The Lake Superior Zoo is home to several SSP or endangered animals. Although we are not currently part of the breeding program, we could be one in the future, if approved by AZA, which regulates the breeding of these animals.
Retrieved from AZA website:


Polar bear

White naped


Snow leopards Goeldi's monkey Cotton-top
Amur tiger

Building a green foundation:
New Tiger Deck and Tables
If you have been visiting the zoo for more than a year you may remember the concerning state of the old Tiger Deck. The concrete was crumbling and uneven, looked quite unattractive, and was eventually closed to visitors for safety purposes. Well, not anymore!

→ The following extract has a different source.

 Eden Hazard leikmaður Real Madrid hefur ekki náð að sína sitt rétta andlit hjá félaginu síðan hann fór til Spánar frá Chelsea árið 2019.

The Tiger Deck has received a make-over! The deck has been fitted with new tiles, a GreenGrid roofing system and picnic tables and umbrellas constructed from recycled materials. We are very proud of this improvement, not only because it looks great, but because it serves a purpose as well. The Tiger Deck and tables are helping us in our conservation efforts and are environmentally friendly.

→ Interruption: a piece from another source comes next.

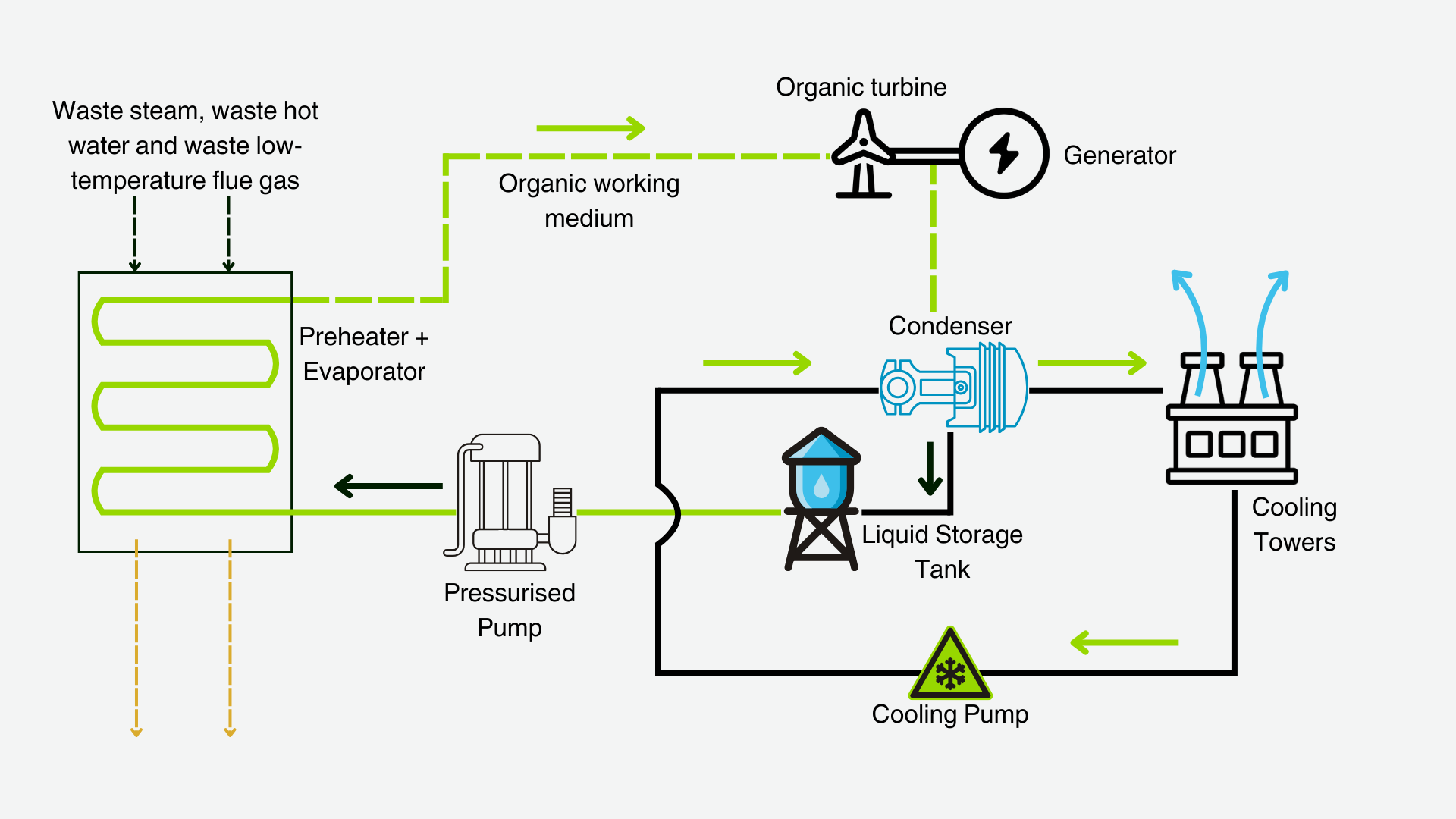 The MagLev ORC Power Generator uses waste heat source such as steam or flue gas to heat a working fluid in an evaporator. The fluid evaporates and drives a frictionless, high-speed turbine — up to 48,000RPM — to generate on-site or grid-safe power. The system cools the vapour back into liquid form, creating a closed-loop cycle.

The plants found on the Tiger Deck naturally transform heat and soil moisture into humidity, cooling the building directly below in warm weather. Conversely, in the famous cooler Duluth weather, the green roof provides added thermal mass to the building's roof to help keep the building warm. This simple feature is helping us save money on our heating and cooling efforts, as well as use less energy and non-renewable resources.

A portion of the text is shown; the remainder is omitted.